In conclusion, the present study showed that ginger supplementation significantly reduced the levels of FBS, HbA1c, Apo B, Apo B/Apo A-I and MDA, and increased the level of Apo A-I in type 2 diabetic patients. Regarding negligible side effects of ginger, it may be a good remedy for diabetic patients to diminish the risk of some secondary chronic complications.
The present study was the first human research investigating the effects of ginger on glycemic status and stress oxidative in type 2 diabetic patients whose information regarding potential confounding variables, including dietary intake and physical activity level were available. However, this study had limitations, as well. First, several patients participating in the intervention, were excluded from the study. Moreover, frequent inclusion criteria, especially having no metabolic diseases and taking no antioxidant supplements, led to further reduction in the number of patients eligible for the study and hampered the disease finding process with many difficulties.
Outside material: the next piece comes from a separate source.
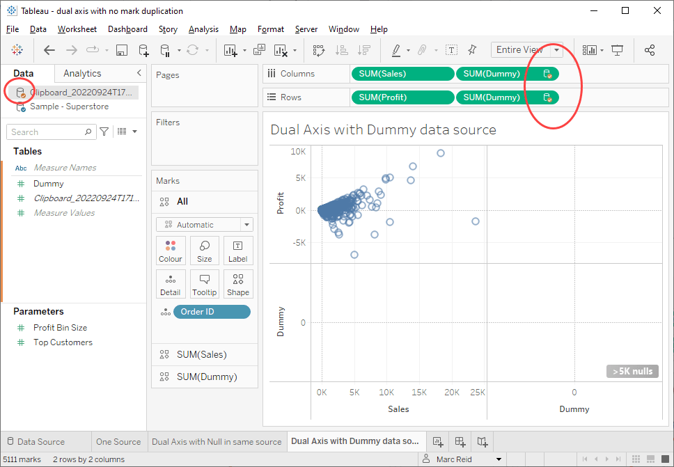 You can now follow the steps from the prior example, adding the dummy measure to the view, dual axis, synchronise etc. Here is the first step – notice how an orange tick has appeared to indicate that blending is taking place: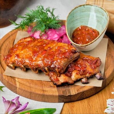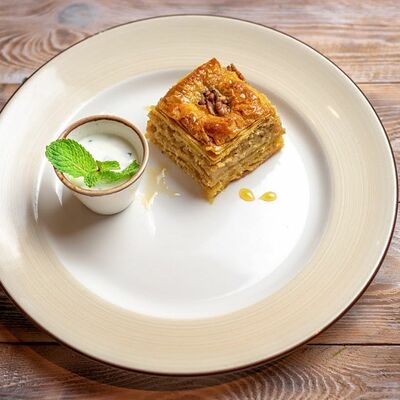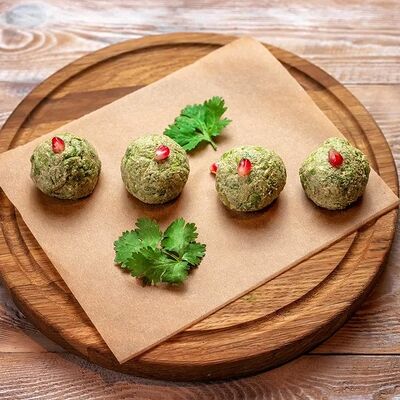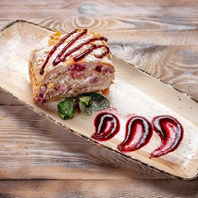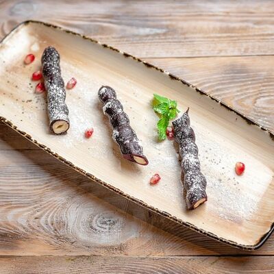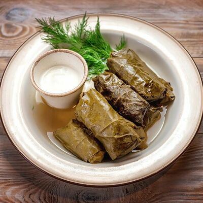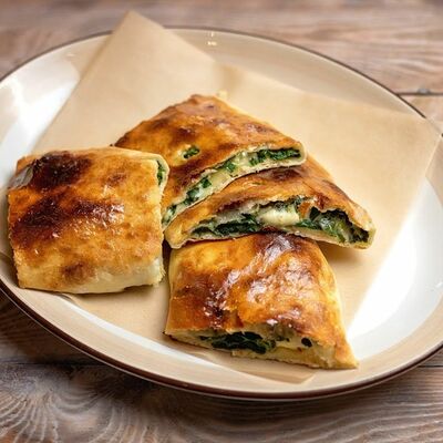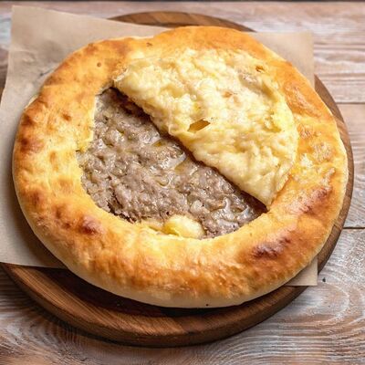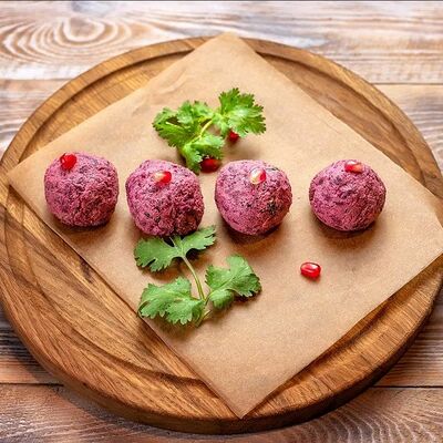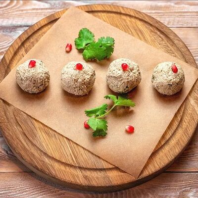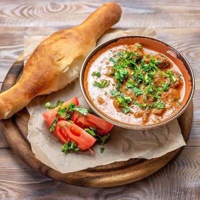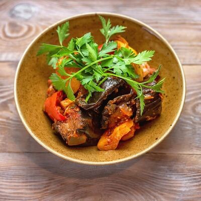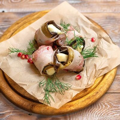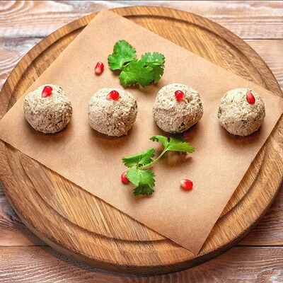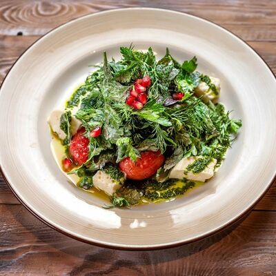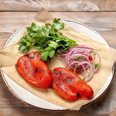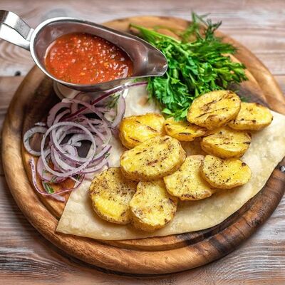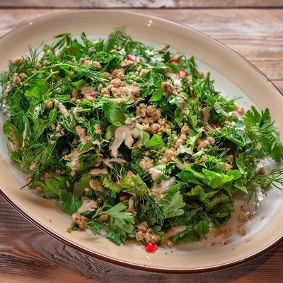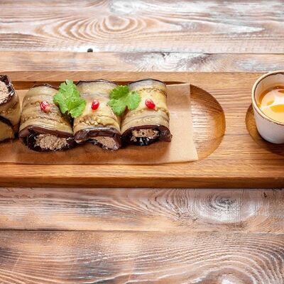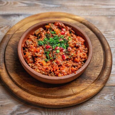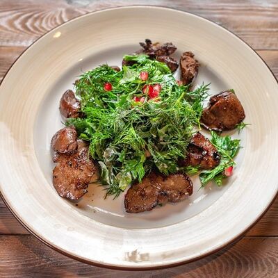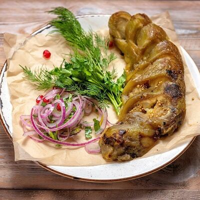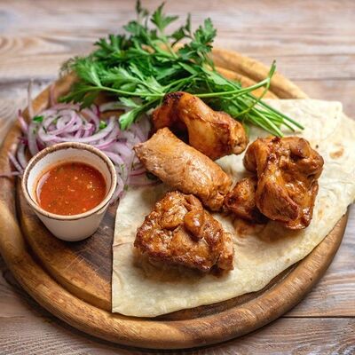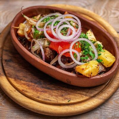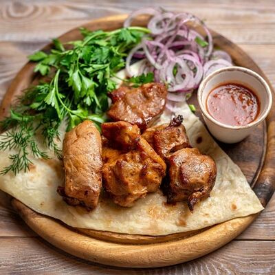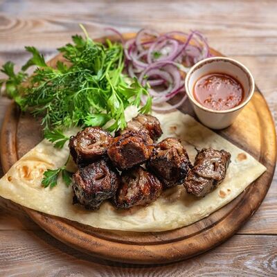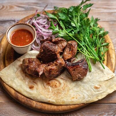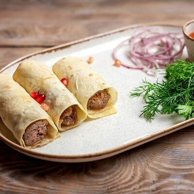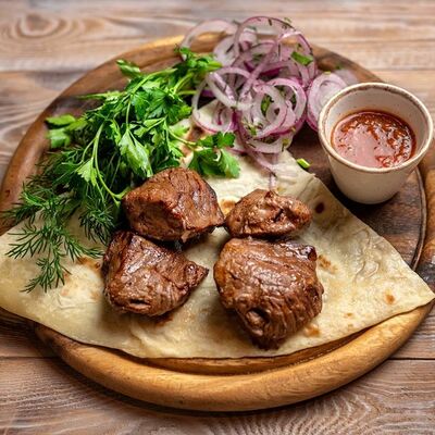 Говяжья печень в бараньей сетке с ароматными специями, зеленью, маринованным луком и соусом Сацебели. Подается на тонком лаваше

home remedies for diabetes 🔴how to home remedies for diabetes for Finally, it is suggested to perform similar studies with higher number of patients and longer study period for a better observation of the effects of ginger in improving diabetic patient status.
This study has been supported by a grant from Research Vice-Chancellor of Tehran University of Medical Sciences (Tehran, Iran). The authors thank Iran association of diabetes for helping in recruiting patients. We are also grateful to all participants of the study that this project was made possible only with the cooperation and support of them.